“Never again let it be said that Germans lack a sense of humour: last week Angela Merkel declared that the euro was “the glue that holds Europe together”. The opposite is nearer the truth. Proponents of economic and monetary union (EMU) argued that it would bring about the convergence of its participating economies, but it was always going to produce divergence. Even today its supporters are in denial, blaming the Irish, Greeks, Portuguese and Spanish (as well as bankers, regulators and so-called Anglo-Saxon capitalism) rather than the real culprit: EMU.
The central issue for Ireland and the others is not the state of public finances or the banking system, serious though they are, but how countries can regain competitiveness within monetary union. One off-bail outs, however large, or even debt restructuring do not address this issue - any “solution” would require a continuous transfer from current account surplus countries (in effect Germany) to those with deficits. If German politicians were mad enough to go along with that, it would wreck their own economy.

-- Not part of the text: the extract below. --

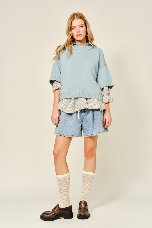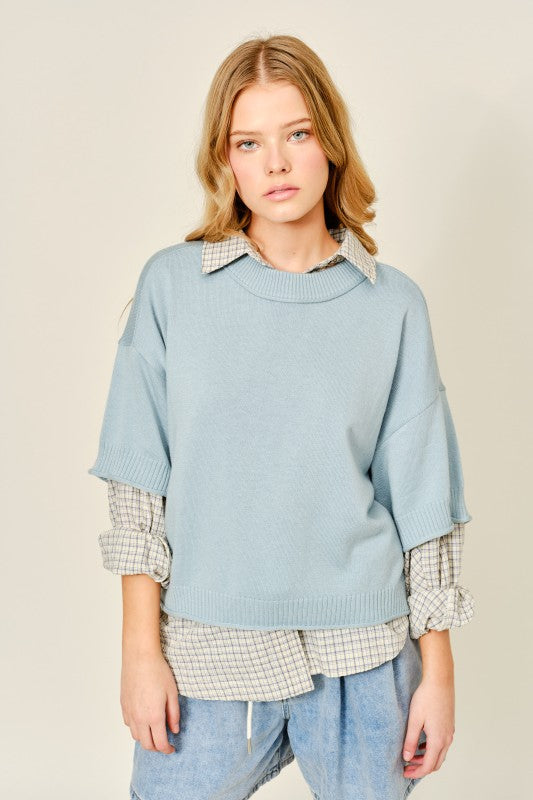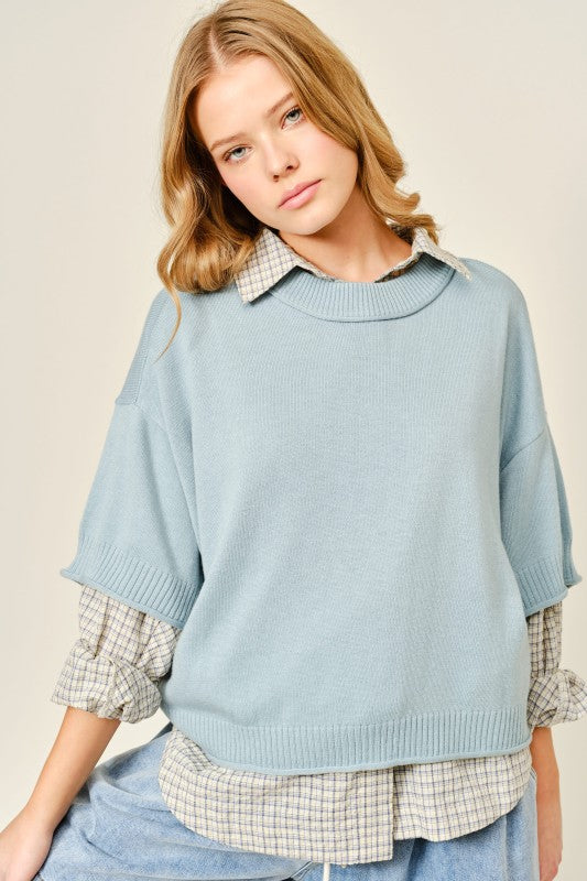 March Light Blue Round Neck Solid Sweater Top

After unification Germany itself became uncompetitive. The main reason this was remedied within Europe was not “austerity” in Germany but the high inflation (which improved the relative competitiveness of German exports) and credit bubbles (which increased demand for these newly competitive German exports) in the so-called periphery economies. This was brought on by the European Central Bank (ECB) setting interest rates favorable to Germany but inappropriately low for these countries. And still Germany failed to consolidate its budget.

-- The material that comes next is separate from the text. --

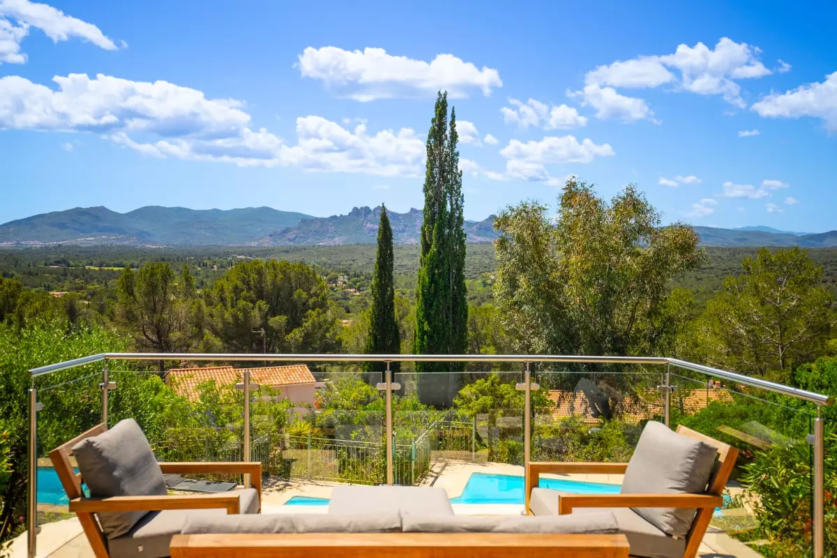 Jardin paysager entièrement privatif, avec vue dégagée sur le massif de l’Estérel.

The prescription recommended for Ireland and the EMU is “austerity”; but without currency depreciation (an option outside EMU) expenditure cuts and tax increases simply make things worse. Ireland has had four austerity budgets already and its underlying budget deficit is 12 per cent with bond yield higher than before the crisis. However, Ireland is a much more open economy than other “peripheral” economies and to that extent it is possible to envisage the euro falling sufficiently to ameliorate its position, but a euro depreciation of a scale large enough to help the others is simply infeasible: within EMU, Spain, Greece and Portugal already insolvent.
The “Celtic Tiger” has never been liked by the EU establishment since its Anglo-Saxon nature threatened the more corporatist model favoured in core Europe. Despite this, Brussels was always happy to explain Ireland’s success in terms of Europe (as were most politicians in Ireland who are paid up members of the Brussels Club). In fact, the contrary is closer to the mark.
It was the large devaluation within the ERM in August 1986 that made it possible for the Irish government to begin fiscal consolidation and restoring the country’s international credit standing. That Irish devaluation was followed by a domestic boom in Britain, which was by far Ireland’s biggest trading partner. Irish growth suffered a setback as a result of Britain’s ERM-created recession in the early 1990s and Sterling’s depreciation after September 1992 led to intolerable strains for Ireland. Reluctantly, the government did the rational thing in January 1993 and devalued massively and, together with the widening of the ERM bands in August 1993, in effect gave the Ireland monetary policy independence for the first time in the country’s history.
The problem, for Ireland and the rest, is EMU. Those running the “project” either can’t admit this or, if they do (and some do), the current crisis is seen as an opportunity to further erode national sovereignty. The aim: to make Ireland (and others) a “Protectorate” of the EU. The wretched EMU is not only reaping economic damage but threatens residual sovereignty and freedoms within the EU.